Once the pictures are set aside, copy the records below exactly as they stand.
The data below:
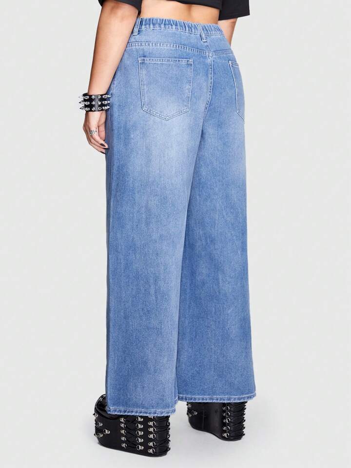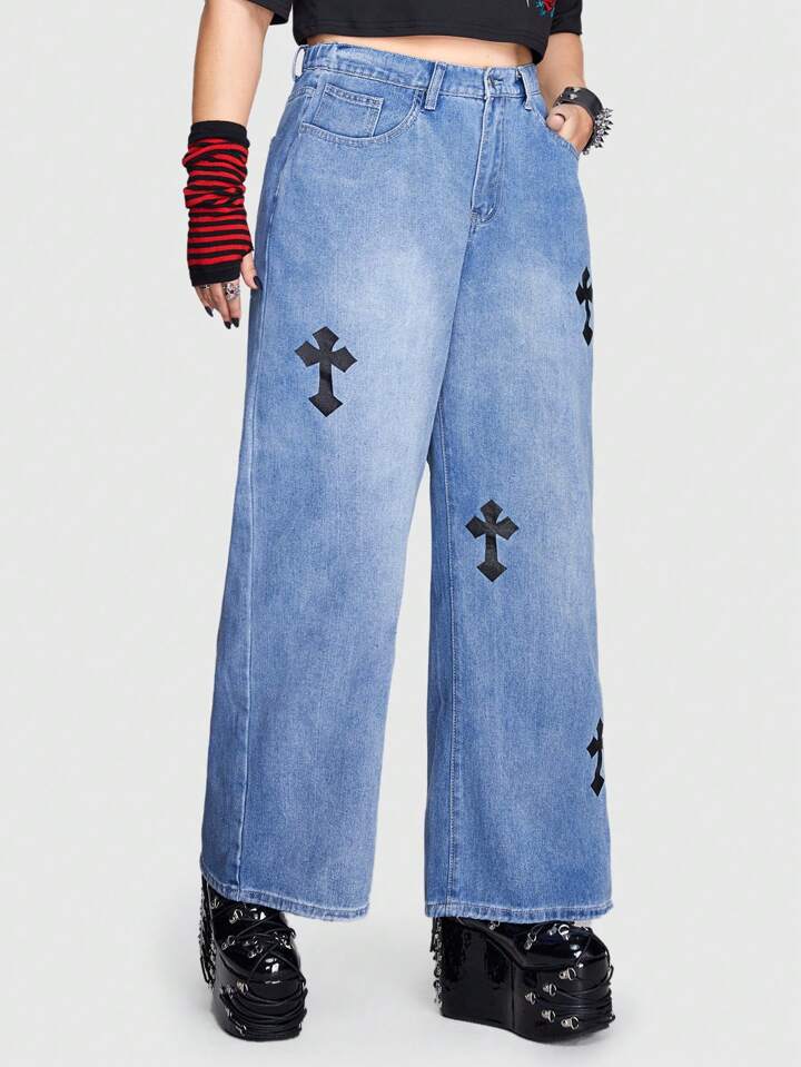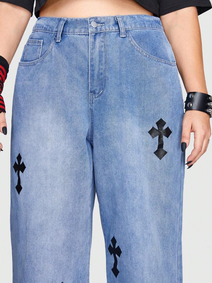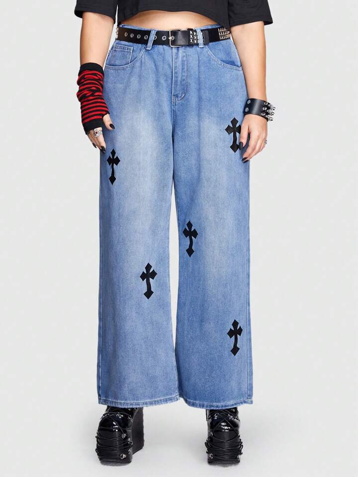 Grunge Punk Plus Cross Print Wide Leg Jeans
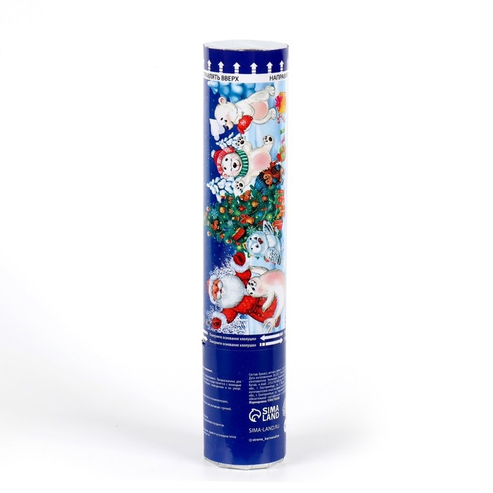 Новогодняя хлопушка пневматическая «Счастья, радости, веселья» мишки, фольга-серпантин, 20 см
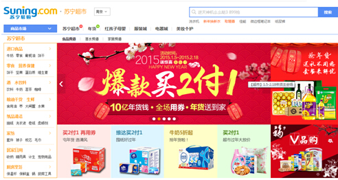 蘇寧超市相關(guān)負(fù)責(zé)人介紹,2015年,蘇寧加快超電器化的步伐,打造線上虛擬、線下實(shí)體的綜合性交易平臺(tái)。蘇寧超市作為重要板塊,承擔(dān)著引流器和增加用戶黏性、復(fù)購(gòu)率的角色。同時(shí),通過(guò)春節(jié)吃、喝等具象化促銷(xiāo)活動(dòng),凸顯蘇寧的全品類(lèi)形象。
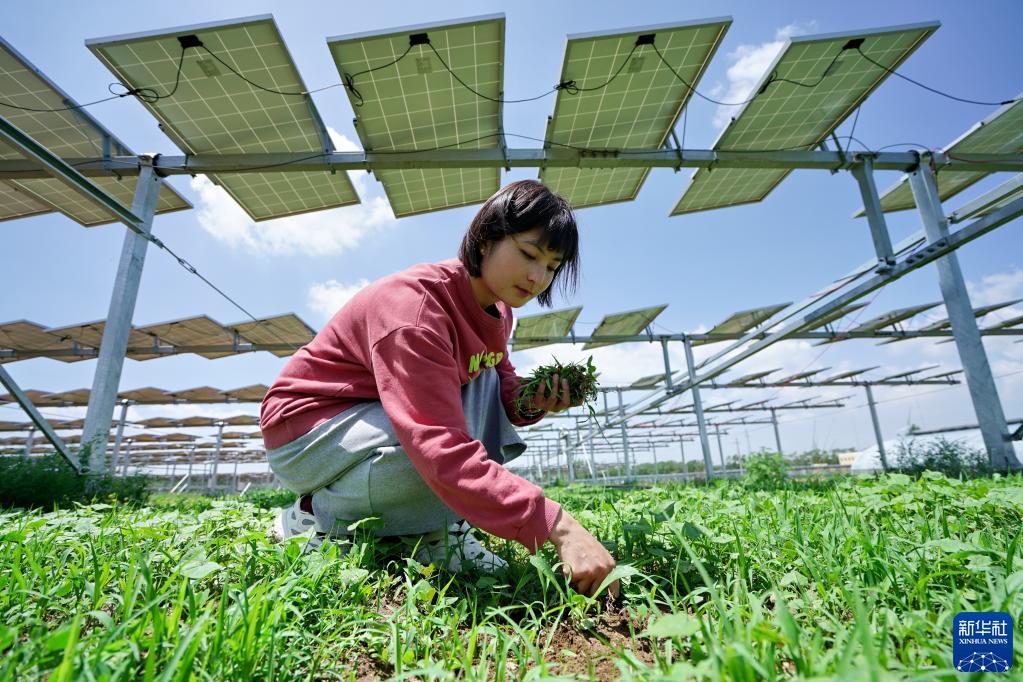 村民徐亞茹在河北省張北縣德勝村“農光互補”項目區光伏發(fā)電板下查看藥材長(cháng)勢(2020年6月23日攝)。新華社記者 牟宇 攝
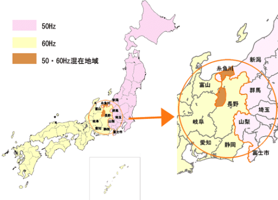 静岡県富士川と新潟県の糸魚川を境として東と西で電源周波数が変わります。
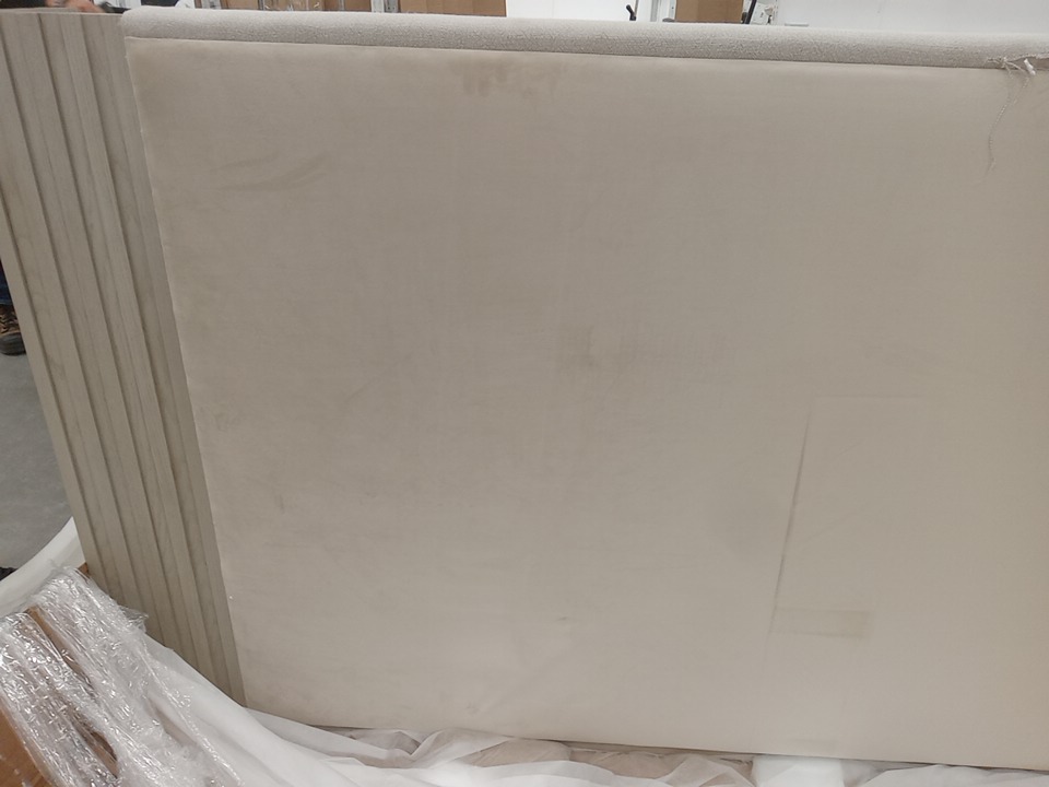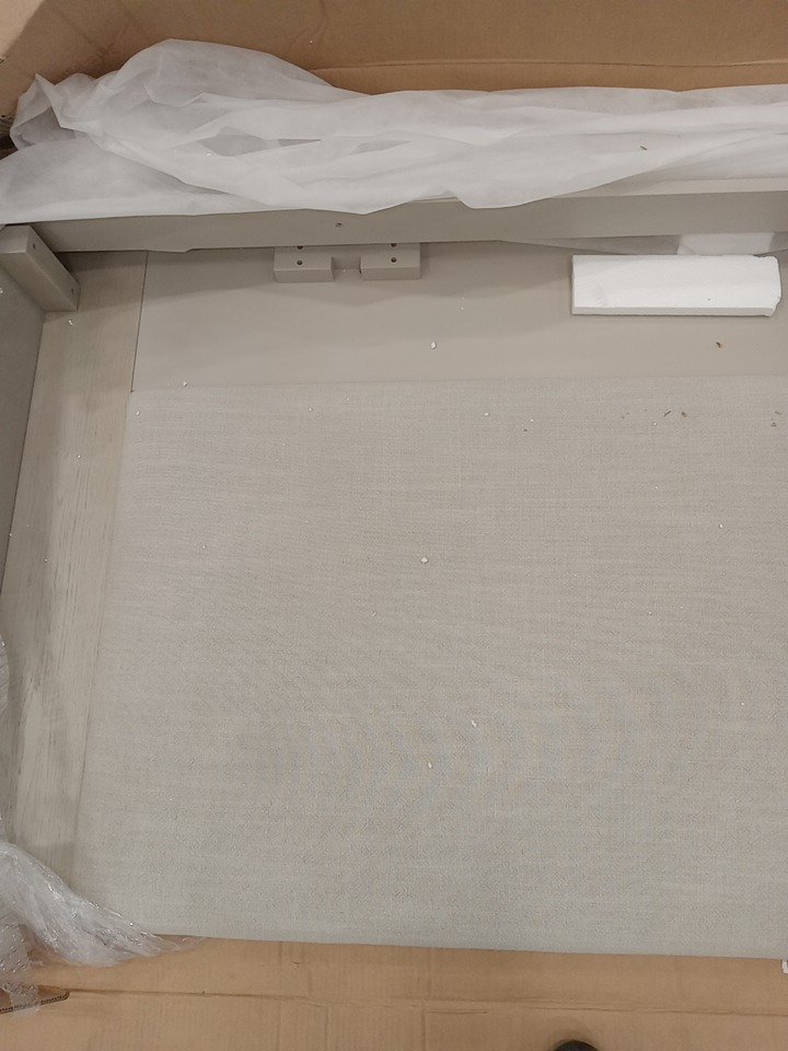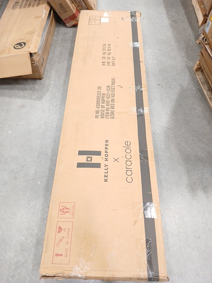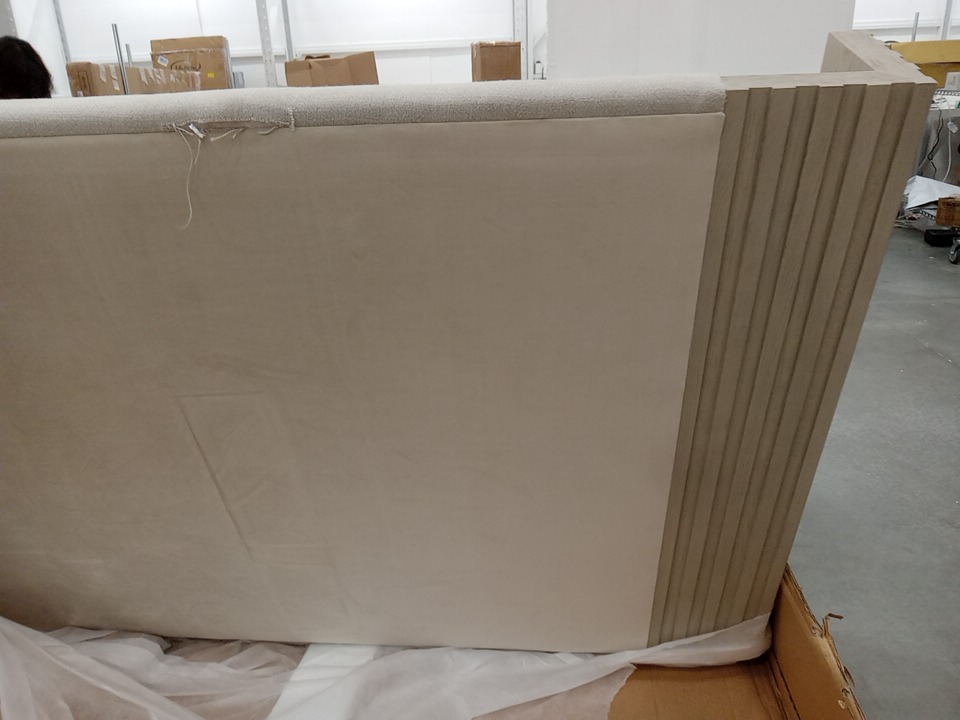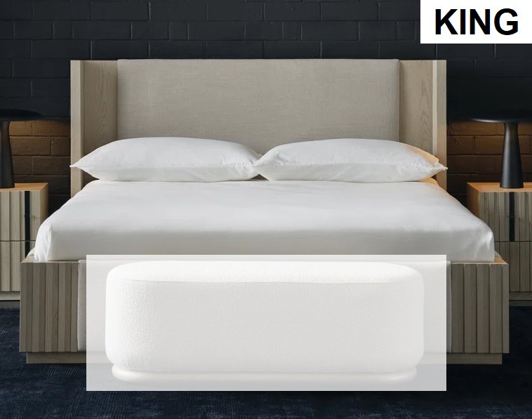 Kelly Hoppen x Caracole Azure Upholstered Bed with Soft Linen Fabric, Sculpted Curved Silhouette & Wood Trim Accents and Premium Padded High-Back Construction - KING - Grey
End of The data.
> **Result of the exercise**
 Grunge Punk Plus Cross Print Wide Leg Jeans
 Новогодняя хлопушка пневматическая «Счастья, радости, веселья» мишки, фольга-серпантин, 20 см
 蘇寧超市相關(guān)負(fù)責(zé)人介紹,2015年,蘇寧加快超電器化的步伐,打造線上虛擬、線下實(shí)體的綜合性交易平臺(tái)。蘇寧超市作為重要板塊,承擔(dān)著引流器和增加用戶黏性、復(fù)購(gòu)率的角色。同時(shí),通過(guò)春節(jié)吃、喝等具象化促銷(xiāo)活動(dòng),凸顯蘇寧的全品類(lèi)形象。
 村民徐亞茹在河北省張北縣德勝村“農光互補”項目區光伏發(fā)電板下查看藥材長(cháng)勢(2020年6月23日攝)。新華社記者 牟宇 攝
 静岡県富士川と新潟県の糸魚川を境として東と西で電源周波数が変わります。
 Kelly Hoppen x Caracole Azure Upholstered Bed with Soft Linen Fabric, Sculpted Curved Silhouette & Wood Trim Accents and Premium Padded High-Back Construction - KING - Grey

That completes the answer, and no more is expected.